Michael Tenk (42) setzt auf ausgefallene Ideen, wenn es um Marketing geht. Die will er nun auch anderen Bäckern anbieten. © Stephan Rape
Zweites Standbein

Bäckermeister Michael Tenk will mit seinen Marketingideen begeistern

Frische Brötchen sind demnächst nicht mehr das einzige, was aus Michael Tenks Backstube kommt. Er will andere mit seinen Ideen begeistern und bietet Marketingkonzepte für Bäckereien an.

Michael Tenk (42), Bäckermeister aus Südlohn, ist bekannt für Ideen, die für eine normale Backstube ein bisschen aus der Reihe tanzen. Aktuellstes Beispiel: Das Wirtebrot, mit dem er nicht nur die Getränke-Restbestände der örtlichen Gastronomen zu Brot verarbeitet, sondern sie auch unterstützt. Aber auch sein öffentlichkeitswirksamer Kampf für schnelleres Internet im Südlohner Ortskern oder sein Feldzug gegen die Bonpflicht – samt frühmorgendlichem Termin mit CDU-Bundestagsabgeordnetem Johannes Röring in der Backstube – oder seine Vorweihnachtsaktion „Südlohn spendet Licht“ haben ihn bekannt gemacht. Aus seinen Ideen möchte er nun mehr Kapital schlagen.

Mit Marketingideen für andere Bäcker möchte er sich ein zweites Standbein aufbauen. Dazu hat er erstmal die Facebook-Seite Bread-Marketing gestartet, auf der er über seine Konzepte und Ideen berichtet. Werbung direkt vom Bäckermeister, wie er es nennt.

Kontakte zu Kollegen und Medien zahlen sich aus

„Über die Aktion mit den Kassenbons habe ich Kontakte in ganz Deutschland bekommen“, sagt er. Zu Branchenkollegen, zu Verbrauchern, aber auch zu Medien. Radio- und Fernsehsender oder Branchenmedien berichten regelmäßig über den umtriebigen Bäckermeister aus Südlohn.

Und die mediale Präsenz zahlt sich für ihn aus. „Nachdem über meine Wirtebrote im Fernsehen berichtet wurde, sind Kunden sogar aus Ahlen und Seppenrade nach Südlohn gekommen“, erzählt er. Die seien 60 oder 80 Kilometer gefahren, um ein Brot bei ihm zu kaufen. Teilweise sogar mehrfach, weil die Brote am Vormittag schon ausverkauft waren.
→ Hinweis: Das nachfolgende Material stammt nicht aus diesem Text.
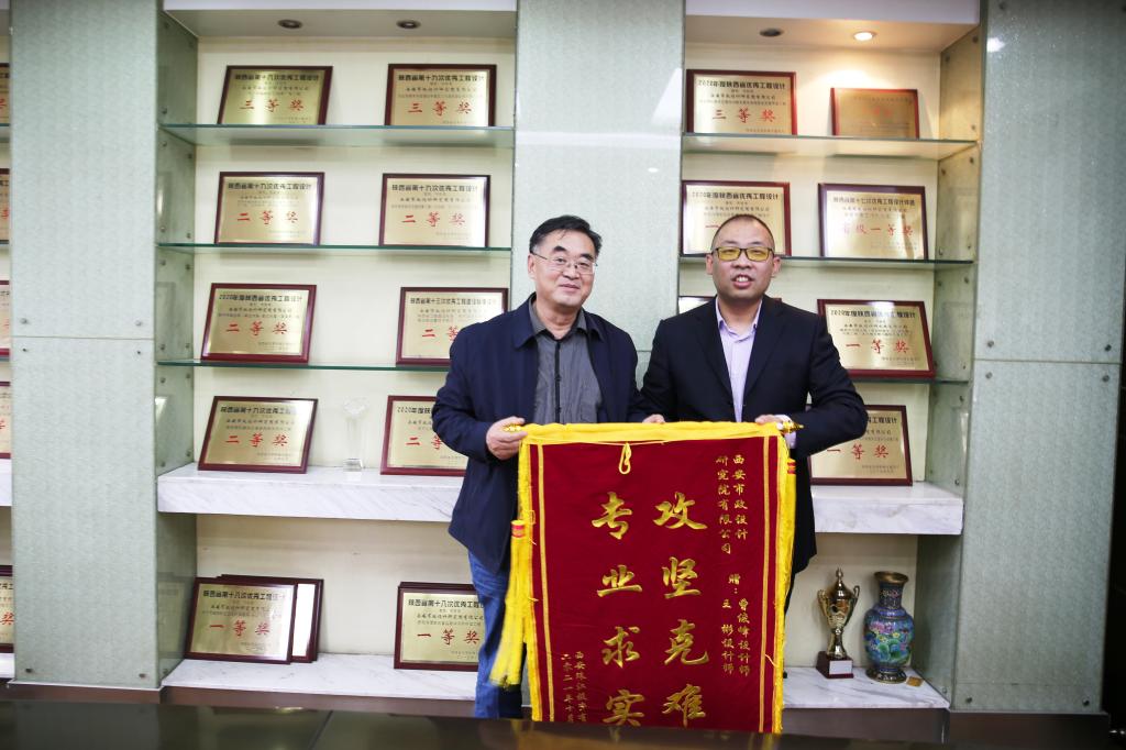5月18日下午,西安珠江投資有限公司設計部副部長富博蒞臨我公司,將一面寫有“攻堅克難 專業求實”的錦旗送到我公司副總經理王社平的手中,以感謝“西安珠江新城項目三期規劃路過街管溝工程”項目設計組成員的精心設計、優質服務和辛苦付出,并表達了雙方開展更深層次合作的期望。

Marketing als Hobby neben dem reinen Handwerk

Auch wenn sein Betrieb in Südlohn hervorragend laufe, möchte er sich nicht auf das reine Handwerk beschränken. „Marketing war schon immer mein Hobby“, erklärt er. Die Ideen für seine Aktionen kämen ihm spontan. Mal in der Backstube, mal morgens nach dem Aufstehen. „Die kann ich selbst gar nicht alle umsetzen“, sagt er. Doch offenbar kommen sie gut an. Die Schnecken, die er rund um die Entscheidungen zum schnellen Internet im Ort verkauft habe, hätten ihm mal eben 15 Prozent mehr Umsatz verschafft. „Und wenn ich die Ideen schon habe, warum soll ich damit nicht anderen Anregungen geben“, sagt er.
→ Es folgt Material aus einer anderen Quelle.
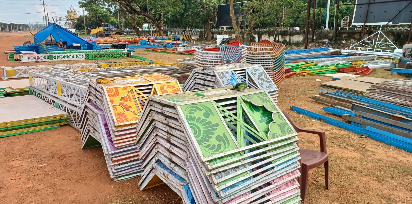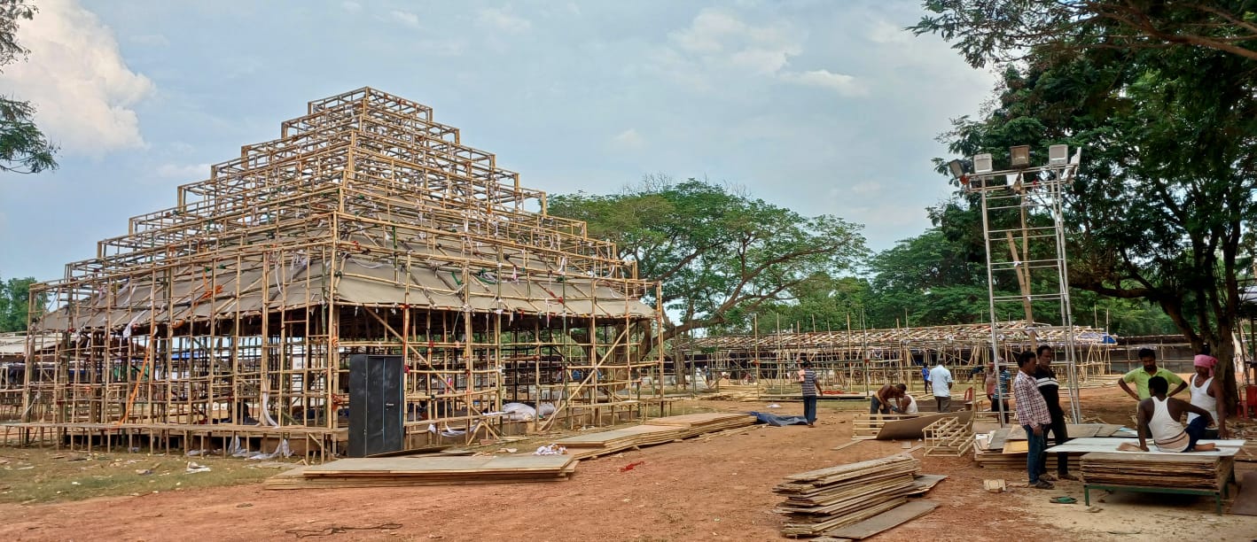 Construction work underway for ORMAS stalls, amusement rides at Lower Ground in Cuttack ahead of Bali Jatra

Auch von Kollegen habe er bisher überwiegend positive Resonanz bekommen. Sein Grundkonzept sei dabei einfach: Statt einfach nur die üblichen Angebot eines Bäckers – wahlweise eine Feierabendtüte mit einer Brötchenauswahl oder spezielle Brotsorten an speziellen Tagen – zu bieten, will er kleine Geschichten erzählen. „Es geht darum, Reichweite zu erzielen. Im Gespräch zu bleiben und vielleicht auch eine positive Wirkung für den ganzen Ort zu erzielen“, sagt er.

Menschen nach dem Lockdown wieder in die Ortskerne ziehen

Denn gerade im Moment sei zu sehen, wie – nicht nur in Südlohn – kaum noch Menschen in den Ortskernen unterwegs sind. „Auch in den größeren Städten ist ja wegen des Lockdowns kaum noch etwas los“, sagt er beim Blick in die Nachbarschaft. Es gehe also auch darum, die Menschen schnell wieder in die Stadt- und Ortskerne zu ziehen, wenn die Geschäfte demnächst wieder öffnen dürfen. Keine leichte Aufgabe: „Die Einkaufsgewohnheiten verändern sich eben rasend schnell“, sagt Michael Tenk.

Heißt das also, dass der Backofen an der Kirchstraße künftig kalt bleibt? Da muss Michael Tenk lachen. „Nein, erst einmal nicht“, sagt er schnell. Er will weiter in der Backstube stehen. Aber: „Ich weiß nicht, was Corona noch alles mit uns macht. Und ich habe schon genug gesunde Läden gesehen, die plötzlich schließen mussten“, sagt er. Was in fünf oder zehn Jahren sei, könne ja sowieso niemand vorhersagen.

Vorerst sollen das Marketingprojekt aber nur nebenher laufen. „Vielleicht wie ein bezahltes Hobby oder zum Aufbessern der Urlaubskasse“, sagt er.

Über den Autor
Redaktion Ahaus
Ursprünglich Münsteraner aber seit 2014 Wahl-Ahauser und hier zuhause. Ist gerne auch mal ungewöhnlich unterwegs und liebt den Blick hinter Kulissen oder normalerweise verschlossene Türen. Scheut keinen Konflikt, lässt sich aber mit guten Argumenten auch von einer anderen Meinung überzeugen.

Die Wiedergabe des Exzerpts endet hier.